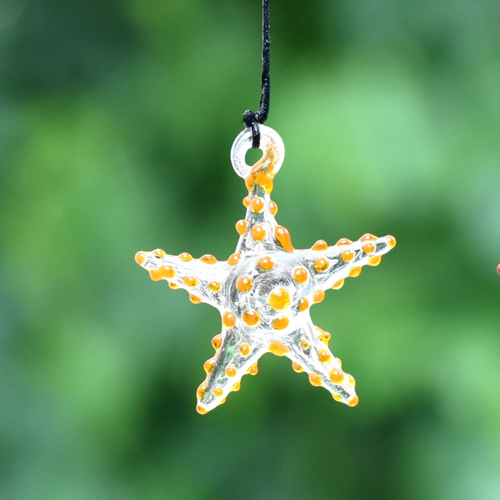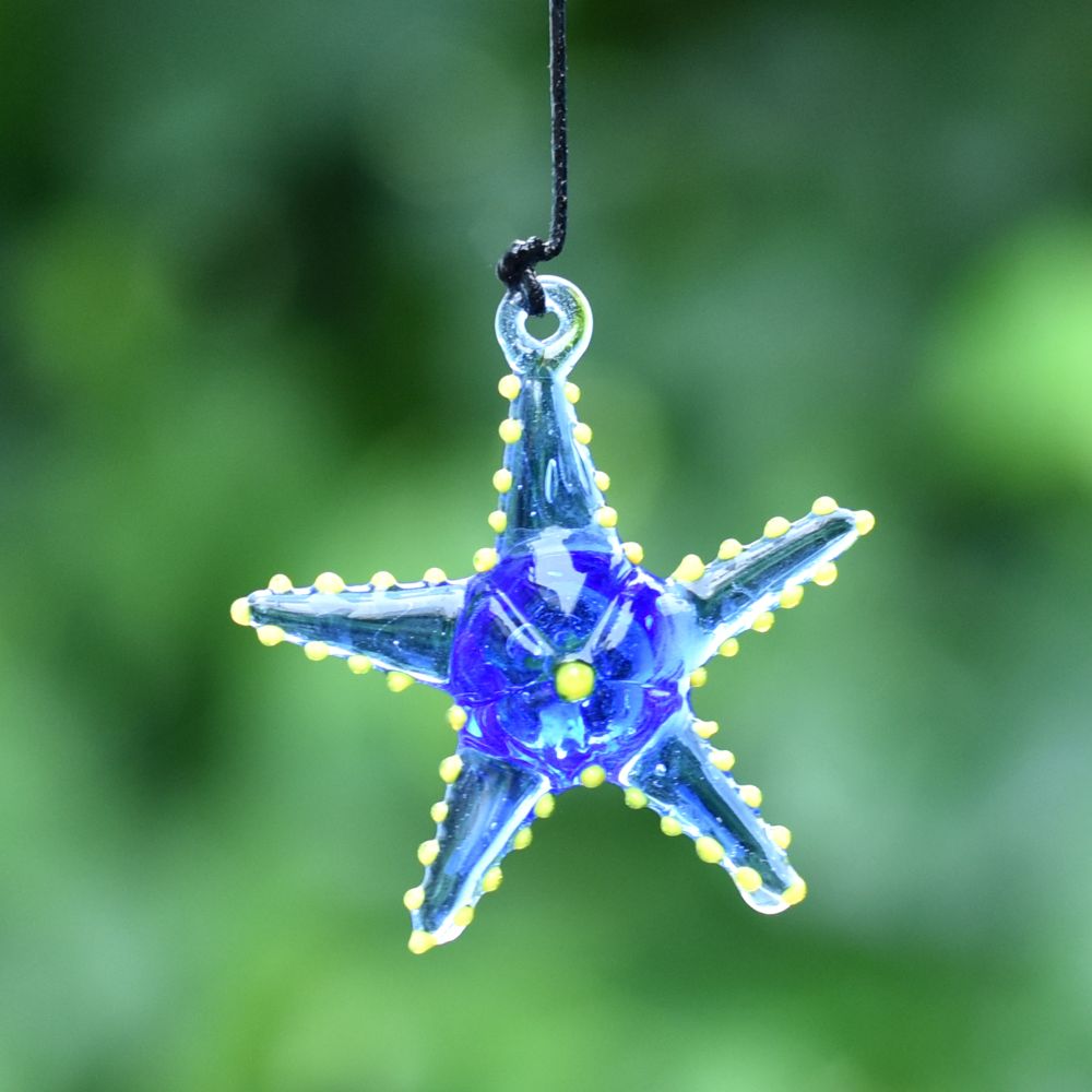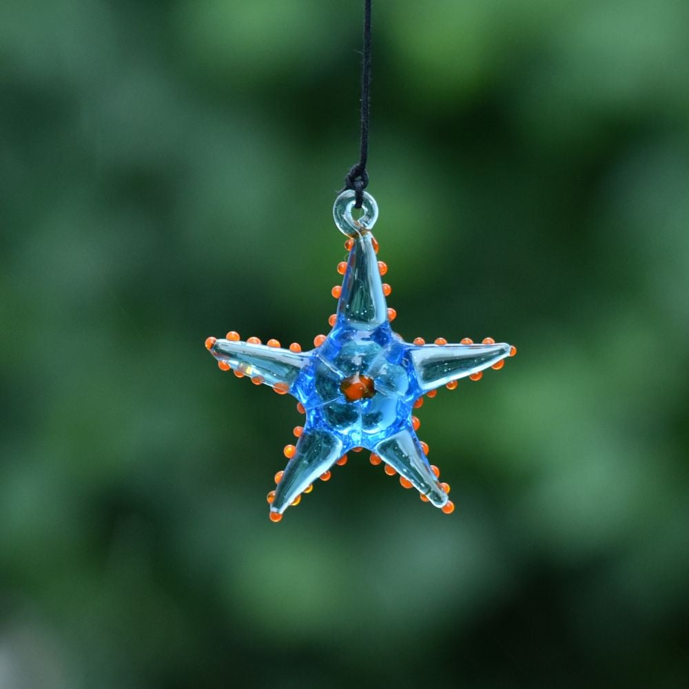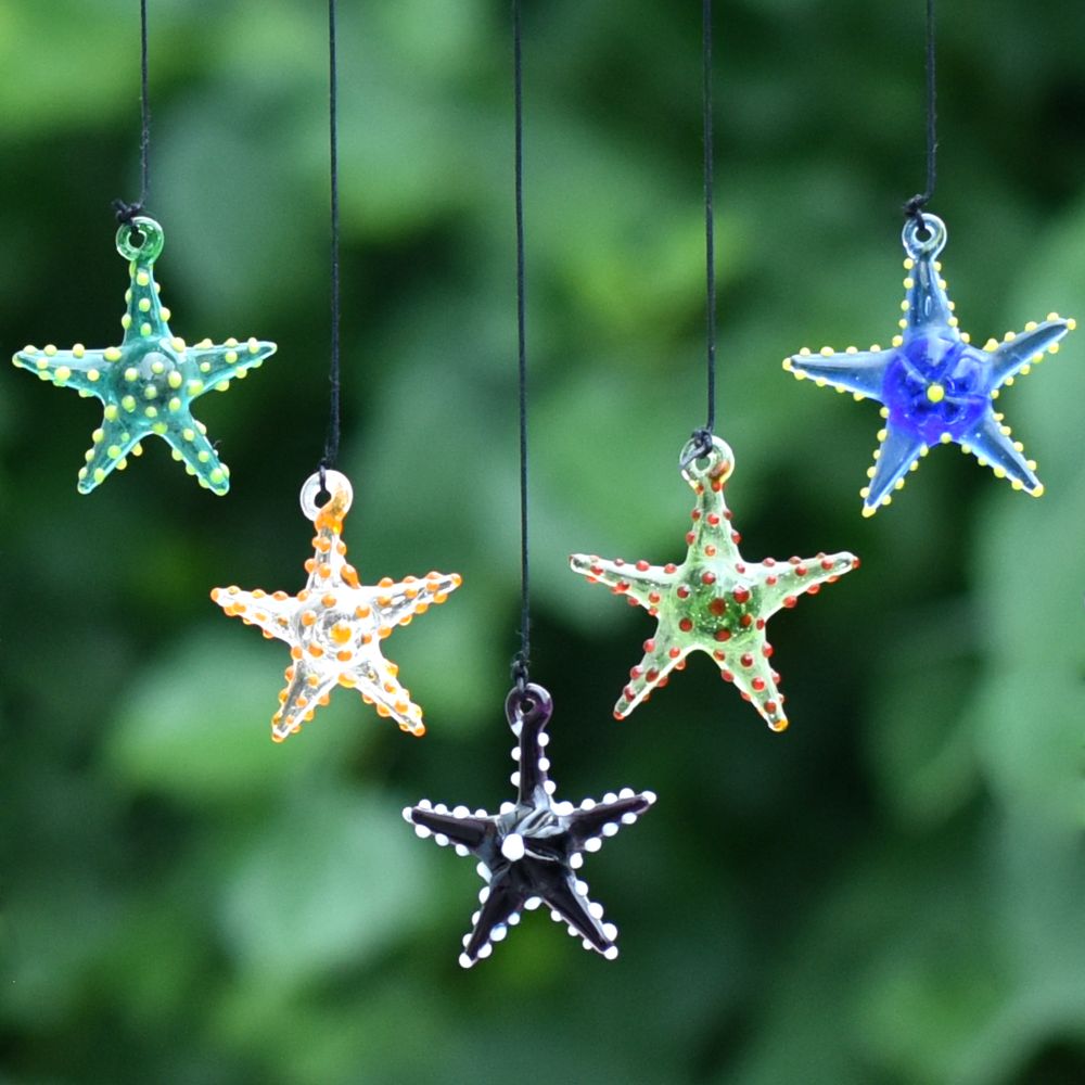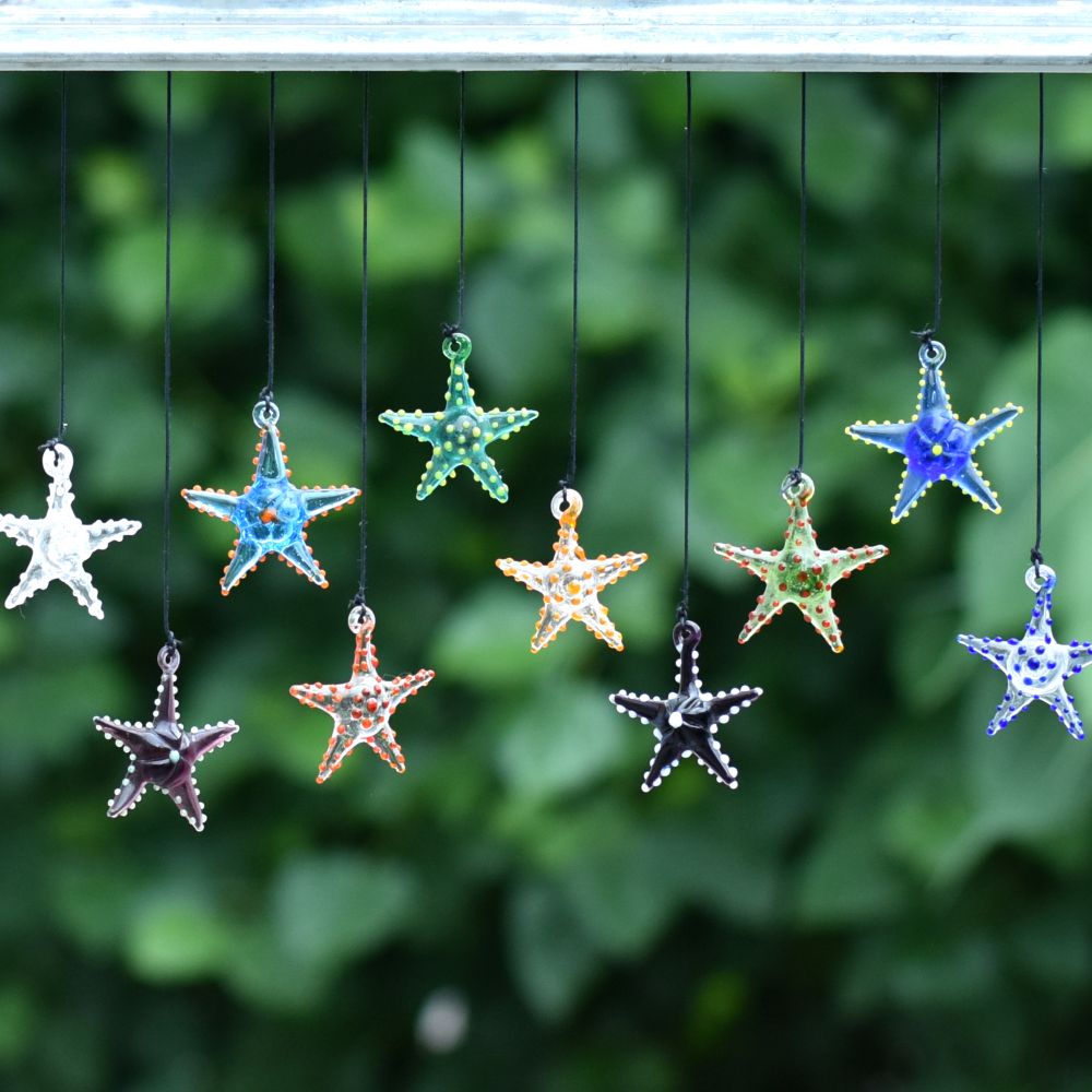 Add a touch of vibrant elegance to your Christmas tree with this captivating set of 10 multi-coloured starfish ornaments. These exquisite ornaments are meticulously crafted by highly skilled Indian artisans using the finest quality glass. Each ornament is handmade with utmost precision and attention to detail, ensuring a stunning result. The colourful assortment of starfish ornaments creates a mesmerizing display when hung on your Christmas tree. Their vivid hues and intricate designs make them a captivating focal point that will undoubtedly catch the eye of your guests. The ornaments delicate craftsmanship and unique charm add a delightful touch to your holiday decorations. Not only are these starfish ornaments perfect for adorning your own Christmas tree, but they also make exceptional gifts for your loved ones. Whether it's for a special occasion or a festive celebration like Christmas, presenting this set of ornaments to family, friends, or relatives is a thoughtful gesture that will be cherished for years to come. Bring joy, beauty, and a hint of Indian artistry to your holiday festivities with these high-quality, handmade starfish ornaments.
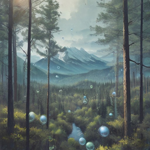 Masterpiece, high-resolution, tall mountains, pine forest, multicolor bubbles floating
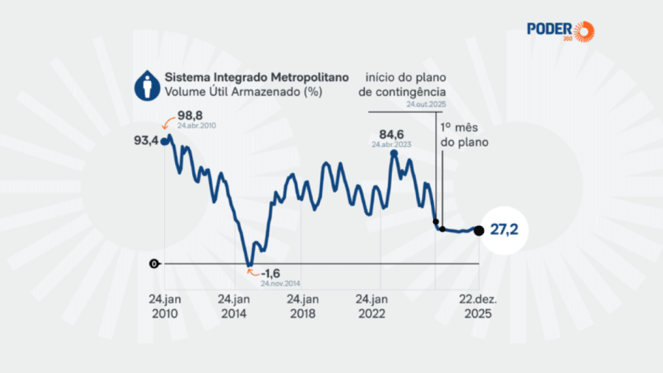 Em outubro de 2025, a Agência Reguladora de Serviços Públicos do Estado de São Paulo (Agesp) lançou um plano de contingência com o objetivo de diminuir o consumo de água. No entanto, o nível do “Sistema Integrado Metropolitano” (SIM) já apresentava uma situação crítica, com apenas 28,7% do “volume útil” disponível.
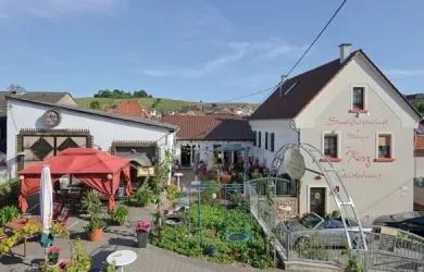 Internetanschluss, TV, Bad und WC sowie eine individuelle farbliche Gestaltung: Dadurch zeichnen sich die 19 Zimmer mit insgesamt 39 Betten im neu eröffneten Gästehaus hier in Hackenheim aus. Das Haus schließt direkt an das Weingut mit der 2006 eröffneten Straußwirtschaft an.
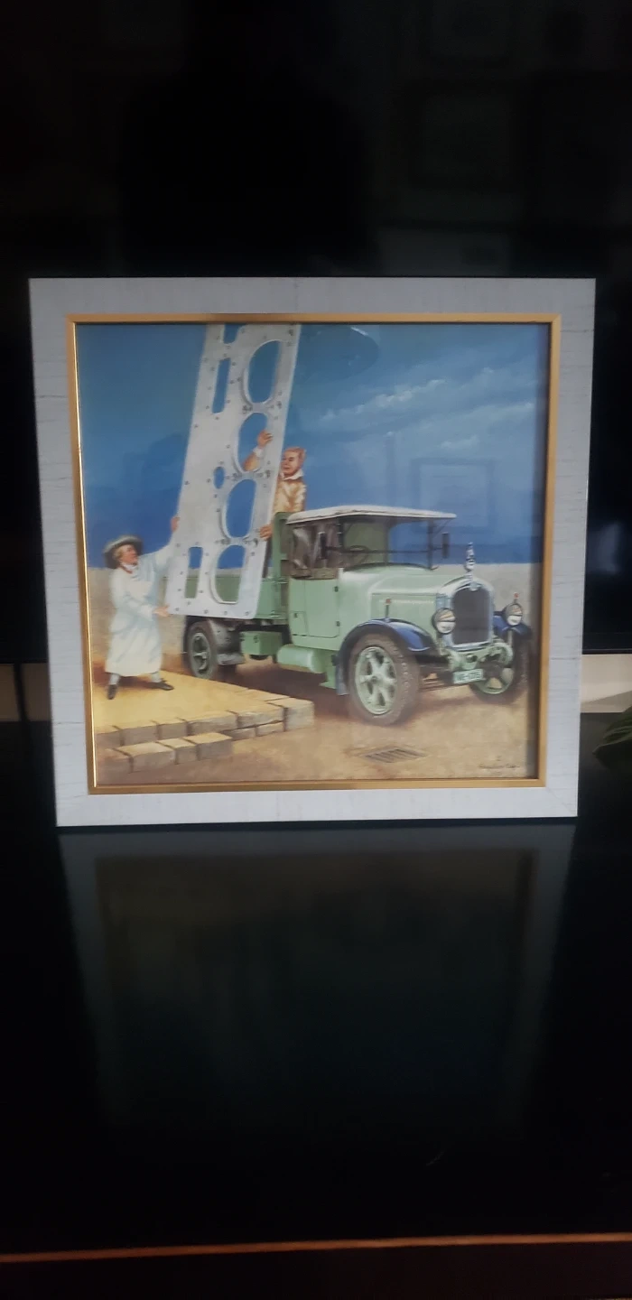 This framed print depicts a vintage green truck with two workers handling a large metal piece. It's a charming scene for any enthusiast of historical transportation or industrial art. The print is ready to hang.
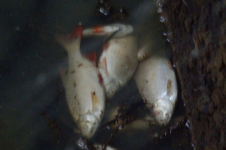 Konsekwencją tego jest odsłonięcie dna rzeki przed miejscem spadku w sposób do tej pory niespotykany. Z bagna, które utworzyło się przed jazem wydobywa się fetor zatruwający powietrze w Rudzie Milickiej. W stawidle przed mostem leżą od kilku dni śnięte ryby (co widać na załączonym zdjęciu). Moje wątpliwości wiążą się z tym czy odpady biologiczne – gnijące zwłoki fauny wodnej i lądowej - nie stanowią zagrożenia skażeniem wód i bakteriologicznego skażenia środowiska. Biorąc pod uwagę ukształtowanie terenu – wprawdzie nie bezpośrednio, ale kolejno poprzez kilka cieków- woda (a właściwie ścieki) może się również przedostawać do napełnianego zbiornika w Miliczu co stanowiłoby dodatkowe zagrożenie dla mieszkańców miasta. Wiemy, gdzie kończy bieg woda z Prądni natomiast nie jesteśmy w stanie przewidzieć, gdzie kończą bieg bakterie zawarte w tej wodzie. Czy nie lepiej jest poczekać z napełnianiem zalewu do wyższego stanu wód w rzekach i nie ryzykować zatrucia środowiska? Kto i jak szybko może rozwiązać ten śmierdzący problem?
- - - -
* HOW TO COMPLETE THIS TASK
Look through the listing above for the line with "Em outubro de" and the line with "This framed print". Write out exactly those lines and everything between, leaving out pictures.

* OUTPUT FOR THIS EXERCISE
 Em outubro de 2025, a Agência Reguladora de Serviços Públicos do Estado de São Paulo (Agesp) lançou um plano de contingência com o objetivo de diminuir o consumo de água. No entanto, o nível do “Sistema Integrado Metropolitano” (SIM) já apresentava uma situação crítica, com apenas 28,7% do “volume útil” disponível.
 Internetanschluss, TV, Bad und WC sowie eine individuelle farbliche Gestaltung: Dadurch zeichnen sich die 19 Zimmer mit insgesamt 39 Betten im neu eröffneten Gästehaus hier in Hackenheim aus. Das Haus schließt direkt an das Weingut mit der 2006 eröffneten Straußwirtschaft an.
 This framed print depicts a vintage green truck with two workers handling a large metal piece. It's a charming scene for any enthusiast of historical transportation or industrial art. The print is ready to hang.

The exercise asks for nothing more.